Profetie over het einde van Zedekia
1 Het woord dat van de HEERE gekomen is tot Jeremia, toen Nebukadrezar, de koning van Babel, en heel zijn leger, en alle koninkrijken van de aarde die onder de heerschappij van zijn hand waren, en alle volken streden tegen Jeruzalem en al zijn steden:
2 Zo zegt de HEERE, de God van Israël: Ga zeggen tegen Zedekia, de koning van Juda, zeg tegen hem: Zo zegt de HEERE: Zie, Ik ga deze stad in de hand van de koning van Babel geven, hij zal haar met vuur verbranden.
3 En zelf zult u niet aan zijn hand ontkomen, maar zeker gegrepen worden en in zijn hand gegeven worden. U zult oog in oog met de koning van Babel staan, en hij zal van mond tot mond met u spreken. U zult in Babel komen.
4 Maar hoor het woord van de HEERE, Zedekia, koning van Juda! Zo zegt de HEERE over u: U zult niet sterven door het zwaard,
5 u zult sterven in vrede. En zoals er vuren ontstoken zijn voor uw vaderen, de vroegere koningen, die vóór u waren, zo zullen zij ook voor u vuren branden en over u rouw bedrijven door te roepen : Ach heer! Ík immers heb dit woord gesproken, spreekt de HEERE.
6 Toen de profeet Jeremia al deze woorden tot Zedekia, de koning van Juda, in Jeruzalem, sprak,
7 streed het leger van de koning van Babel tegen Jeruzalem en tegen al de steden van Juda die nog over waren, tegen Lachis en tegen Azeka, want die waren als versterkte steden overgebleven onder de steden van Juda.
Straf voor woordbreuk
8 Het woord dat van de HEERE gekomen is tot Jeremia, nadat koning Zedekia een verbond had gesloten met heel het volk dat in Jeruzalem was, om voor hen vrijlating af te kondigen,
9 zodat ieder zijn slaaf, en ieder zijn slavin, die een Hebreeër of Hebreeuwse was, vrij liet weggaan, zodat niemand bij hen meer als slaaf bij een Judeeër, zijn broeder, zou dienen.
10 Al de vorsten en heel het volk die het verbond waren aangegaan, gaven er gehoor aan dat ieder zijn slaaf en ieder zijn slavin vrij zou laten weggaan, zodat zij bij hen niet meer zouden dienen. Zij gehoorzaamden en lieten hen gaan.
11 Daarna kwamen zij er echter op terug en lieten de slaven en de slavinnen terugkomen die zij vrij hadden laten weggaan, en onderwierpen hen weer als slaven en als slavinnen.

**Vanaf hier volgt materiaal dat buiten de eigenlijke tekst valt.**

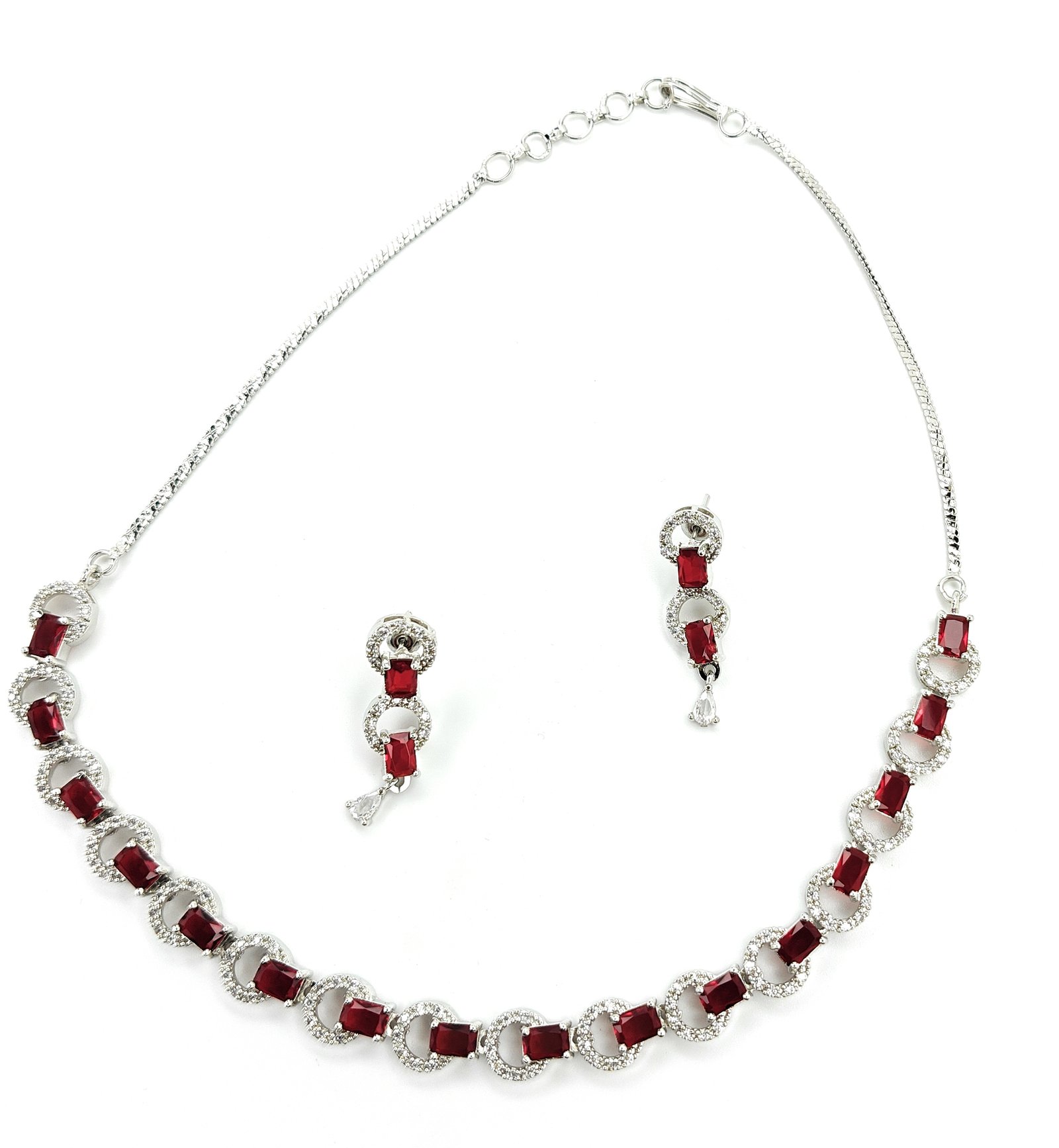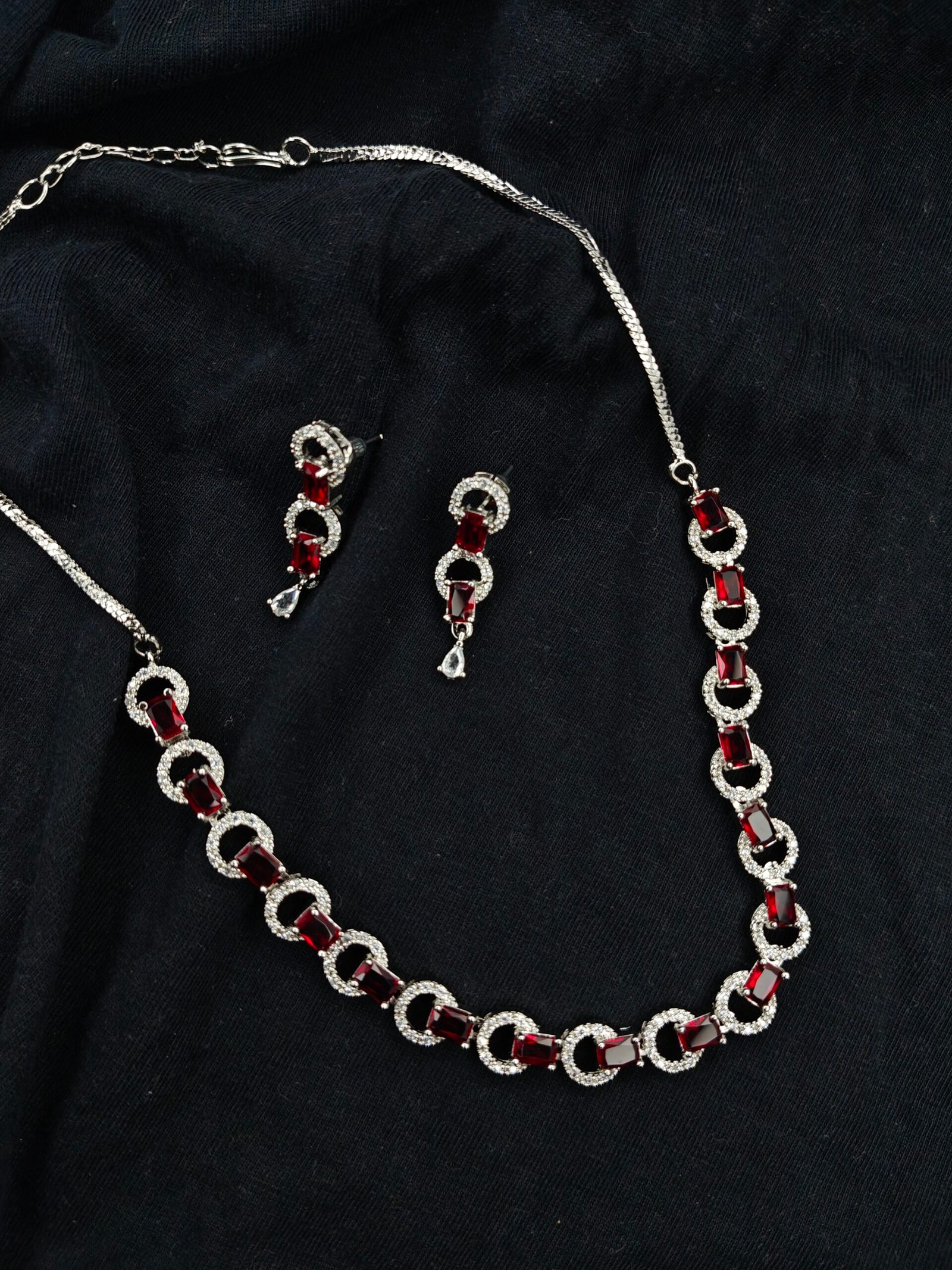 This stunning jewelry set, designed to make every moment shine. Featuring a beautifully coordinated necklace and matching earrings, this set showcases rich, ruby-red rectangular stones that radiate sophistication and charm.
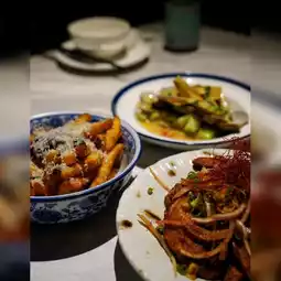 And their food can be said to be a combination of Chinese and Western, I have tried several of them ~ truffle fries are definitely a must-order choice for my sister and friends, because we are all fries control 🤣 As it turns out, simple food can test the strength of the restaurant ~ French fries are very crispy and not greasy, ingredients truffles must eat really satisfied 😋 Then also tried his loofah fried clams, Silk gourd is sweet, clams are very fresh, more importantly no sand, very fresh 👍🏿 Mexican spicy chicken wings will really spicy to burst fire, but maybe because my sister rarely eat spicy, but chicken wings are juicy 🤤 and dumplings are a surprise, because this thing rarely do wine dishes, but they are made very tasty, can be said to be thin skin and filling 😍
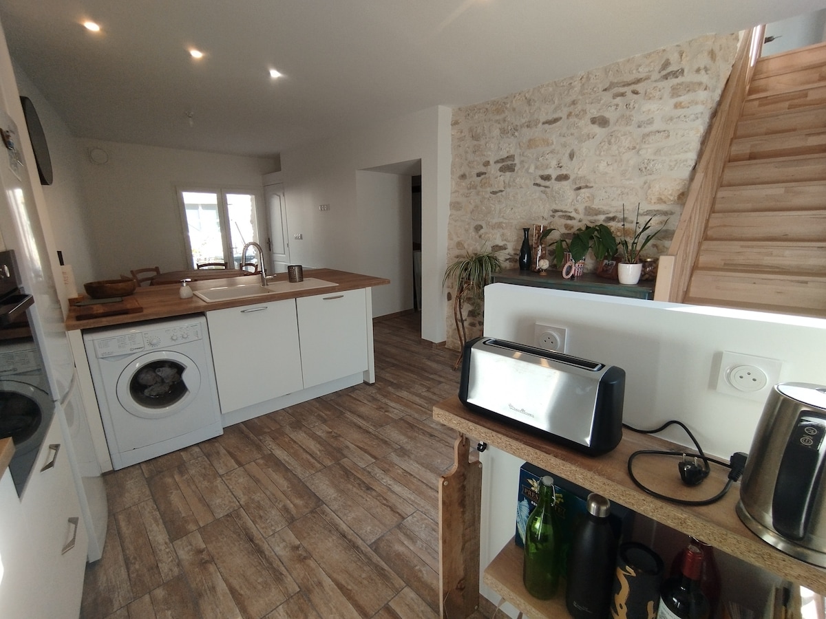 Idéal pour un moment de détente en couple et famille La maison se situe dans un village calme proche des commodités et du joli port de Mortagne Sur Gironde - Spa 5 places - Vue sur les étoiles depuis la fenêtre de toit de la chambre - 2 vélos électriques - Arrivée autonome pour plus de flexibilité sur votre horaire d'arrivée - Panier d'accueil - Wifi illimité - Draps, serviettes, peignoirs fournis gratuitement - Climatisation Tout le confort nécessaire pour passer un agréable séjour!

12 Toen kwam het woord van de HEERE tot Jeremia van de HEERE:
13 Zo zegt de HEERE, de God van Israël: Ík heb een verbond gesloten met uw vaderen, op de dag dat Ik hen uit het land Egypte leidde, uit het slavenhuis, en zei:
14 Na verloop van zeven jaar moet ieder zijn Hebreeuwse broeder die zich aan u verkocht heeft, laten gaan. Als hij u zes jaar gediend heeft, moet u hem vrij van u laten weggaan. Maar uw vaderen hebben niet naar Mij geluisterd en hebben hun oor niet geneigd.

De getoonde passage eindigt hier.